Tessa

Some people journal. I blog with a little more swearing.

Wild-hearted. Well-worn. Always learning. I write to connect, heal and remind us we are never alone in the mess.

I woke up this morning, sleep-deprived and under siege by a 10-pound cat who insists breakfast is whenever she decrees—usually before 6 a.m. My version of hitting the snooze button? Tossing a pillow at her. That bought me five minutes of peace before she started yowling again.

I rolled out of bed, but my dog—traitor that she is—stayed put, claiming my warm spot, curling into a ball, and pulling the covers over her nose. I grabbed my phone and started scrolling. I know, terrible habit. Blue light and social media before I’m even fully awake. Halfway through, I dropped the phone, remembering I got up to feed the cats. While I was at it, I fed the dogs too. I used to have two big dogs, but now I’m catering to two pint-sized pups under 10 pounds. Go figure.

Sipping my pre-workout, I set up my yoga mat and weights.

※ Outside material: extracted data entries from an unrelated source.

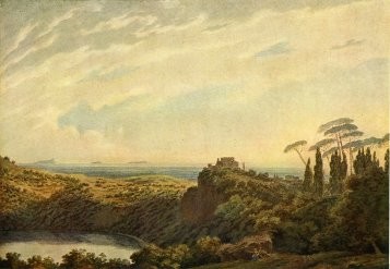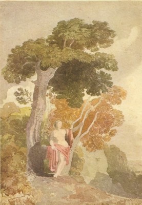 John Robert Cozens, the son of Alexander Cozens, was the first artist at this period “to break away from the trammels of topography, and to raise landscape painting in water colours to a branch of fine art.” He travelled abroad and studied principally in Italy and Switzerland. The lake of Nemi, situated in the Campagna, some sixteen miles west of Rome, and reached by the famous Via Appia, has always been a favourite subject with both poets and artists. Near the north rim of the worn-out crater, in which the lake is situated, is the village of Nemi, surmounted by a fine old castle, which passed through the hands of many noble families. Pope, Byron, and others have sung the praises of the lake. Turner has left at least five drawings of it, one of which is engraved in Hakewell’s “Italy.” William Pars, Richard Wilson and other artists of the early landscape school also painted the scene. Cozens made many drawings of Nemi and the vicinity. Two are in the Victoria and Albert Museum and another is in the Whitworth Institute, Manchester. The painting (Plate X), belonging to Mr. R. W. Lloyd, shows the lake with Palazzo Cesarini on a height by its side, and the Campagna in the distance. It is a fine example of Cozens’ work treated in his poetic manner, and into which more colour than usual has been introduced. Cozens’ last visit to Italy was made in 1782 in company with the noted William Beckford, the author of “Vathek.” On his return he gradually lost his reason. It is pathetic to think such was the sad end of a man inspired with such artistic talents. As it has already been stated, he was the pioneer in exalting water-colour painting to a fine art. His footsteps were quickly followed by Girtin and Turner. The history of these two artists, how during their early struggles they were befriended by that art patron, Dr. Thomas Monro, a capable water-colour painter himself, and well qualified to give advice, is too well known to need repetition.
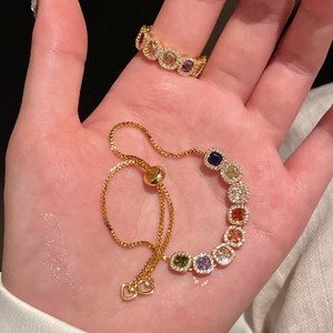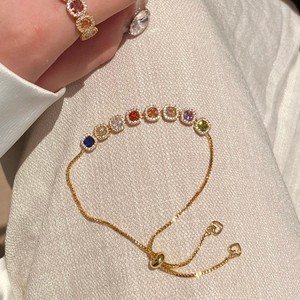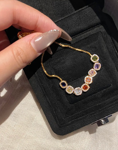 S925纯银爆闪满钻七彩方糖手链女轻奢时尚气质高级首饰送闺蜜礼物
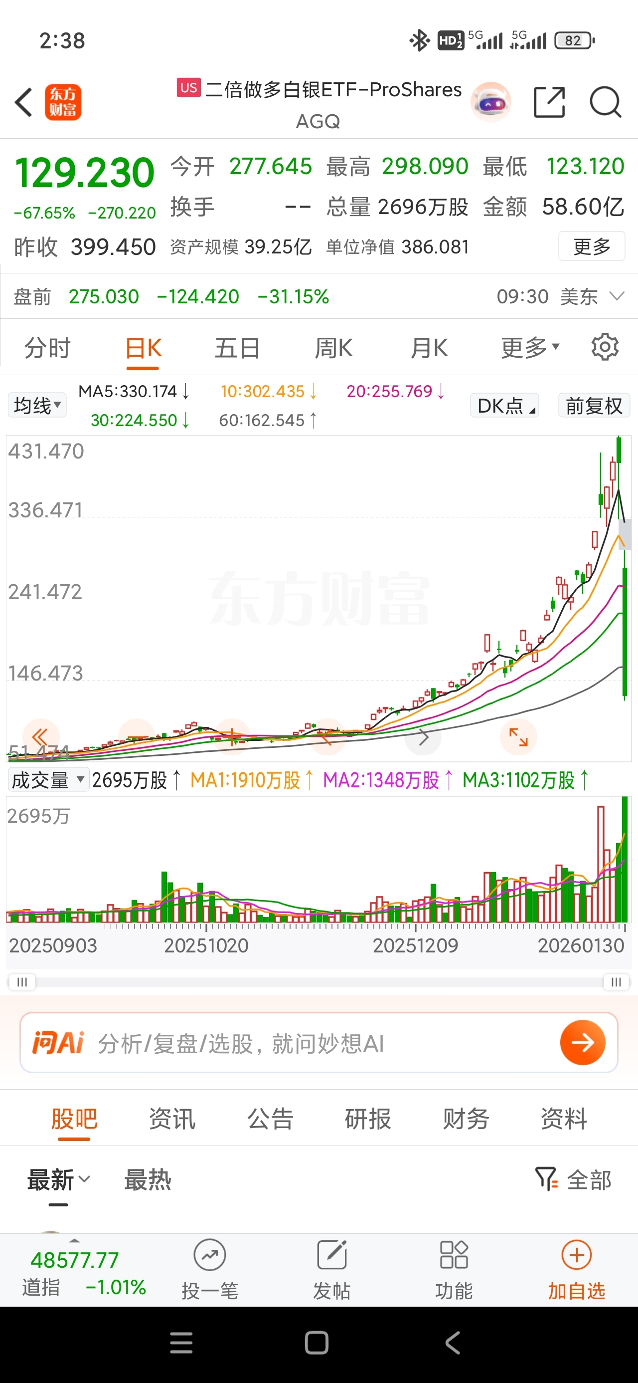 $二倍做多白银ETF-ProShares(AMEX|AGQ)$ 一个月不够两天跌

I’m a goal girlie with commitment issues, but one thing I know: lifting weights keeps me sane enough to tolerate society. I’m always sleep-deprived and grumpy about it, but I feel better after. That’s what keeps me going.

Let’s be real—I’d love to sleep until 8 a.m., then lounge in my gym clothes for two hours. Ideal morning, right? But lately, I’ve been taking stock of my life, asking what truly makes me happy—not my partner, my daughter, or my family, but me. As a firstborn daughter and granddaughter, that’s tough. The people-pleaser in me runs deep. For a decade, I’ve made promises to “get my life together” and chase my goals.

Spoiler: that hasn’t worked.

So, I decided to be a menace instead. I’m done with behaving, chasing traditional goals, or squeezing into some box I built for myself. I’m a freaking delight, and I know it.

As my friend Lisa’s husband put it one summer day, we’re “Judgmental Life Coaches.” He’s onto something. I’ve got opinions, born from experience, and I’m here to say: maybe listen for a minute so you don’t have to burn everything down to become the you-est you.

This isn’t your typical goal-getter blog with tidy lessons. It’s more like torching your Pinterest board and embracing chaos at its core.

Because here’s the truth: nobody’s getting out alive, and we’re all faking it. Did you know not everyone will make it to your funeral, even if they loved you? Weather might hold them up. So, get a little selfish, a little reckless with your life.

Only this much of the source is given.